» **Work to be completed**:
No pictures, please. Copy exactly the lines from the one with "This diagram illustrates" through the final line below.

» **Collected material**:
Segment Open
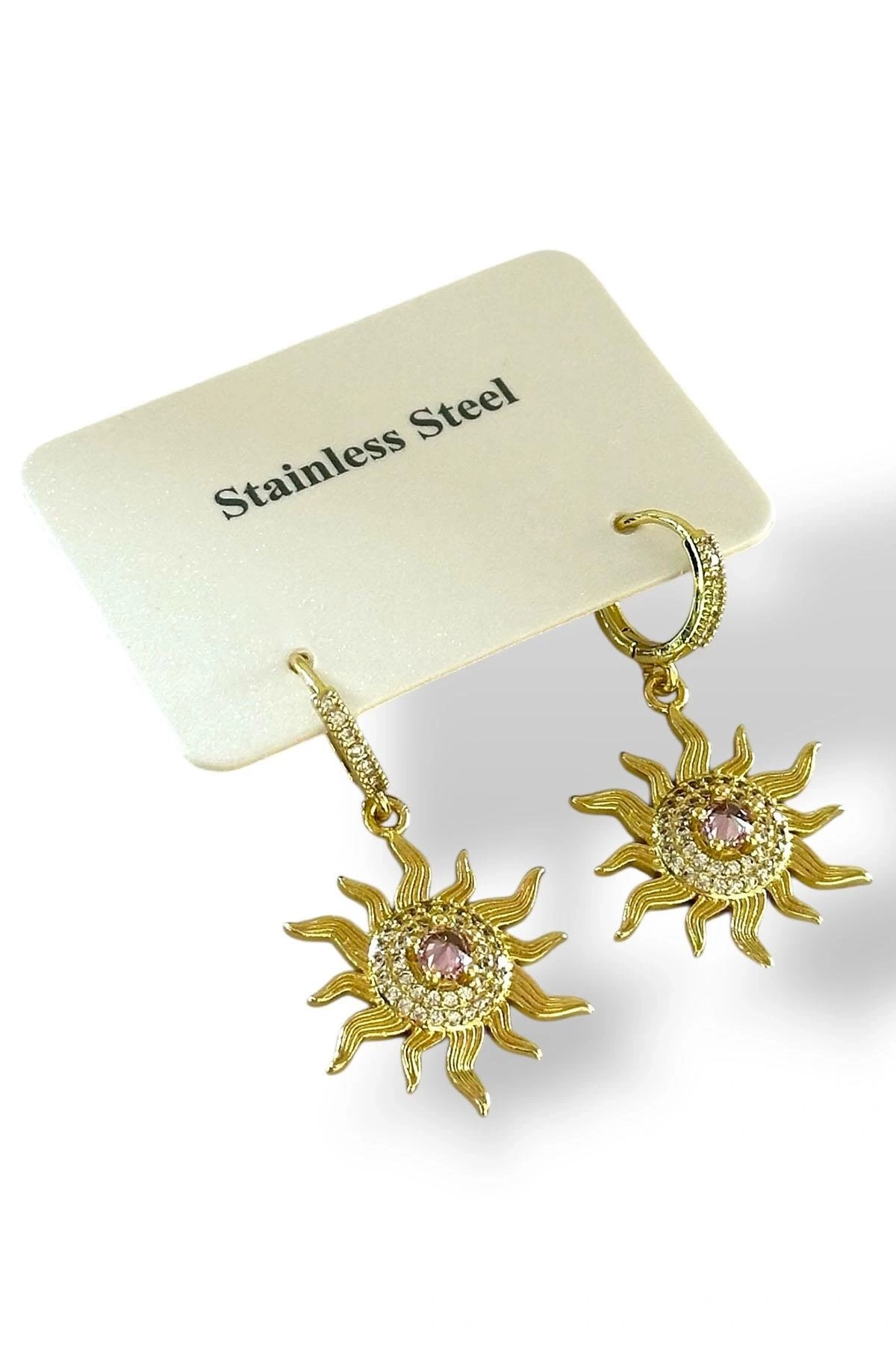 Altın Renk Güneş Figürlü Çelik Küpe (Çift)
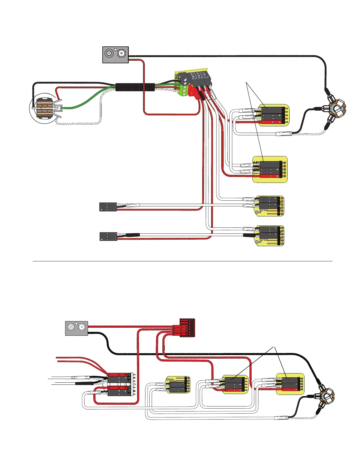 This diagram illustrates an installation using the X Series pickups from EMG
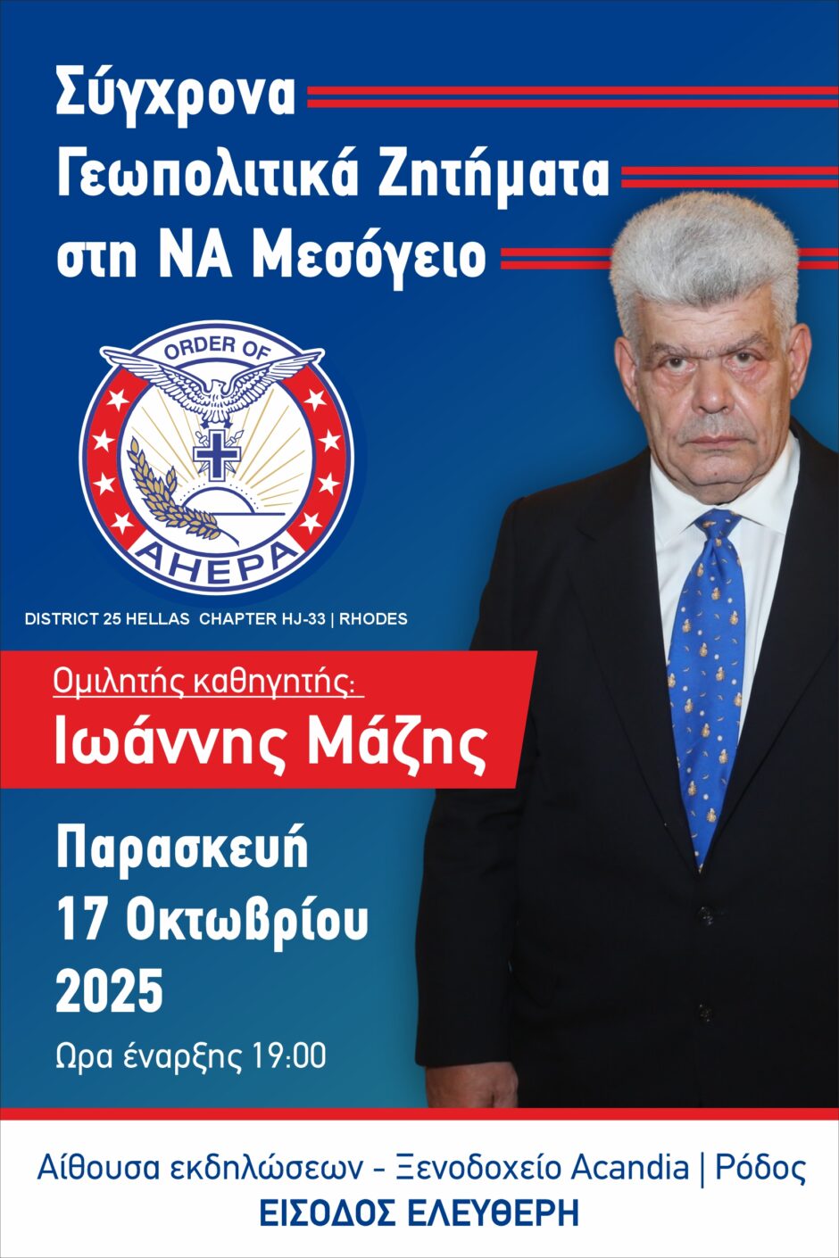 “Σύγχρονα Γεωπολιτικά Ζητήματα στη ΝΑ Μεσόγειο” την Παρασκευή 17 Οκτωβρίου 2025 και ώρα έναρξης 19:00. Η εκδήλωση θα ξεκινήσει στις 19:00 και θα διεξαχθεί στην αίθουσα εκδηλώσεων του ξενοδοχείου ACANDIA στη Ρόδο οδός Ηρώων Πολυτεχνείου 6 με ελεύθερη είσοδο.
Segment Closed
» **Task solution**:
 This diagram illustrates an installation using the X Series pickups from EMG
 “Σύγχρονα Γεωπολιτικά Ζητήματα στη ΝΑ Μεσόγειο” την Παρασκευή 17 Οκτωβρίου 2025 και ώρα έναρξης 19:00. Η εκδήλωση θα ξεκινήσει στις 19:00 και θα διεξαχθεί στην αίθουσα εκδηλώσεων του ξενοδοχείου ACANDIA στη Ρόδο οδός Ηρώων Πολυτεχνείου 6 με ελεύθερη είσοδο.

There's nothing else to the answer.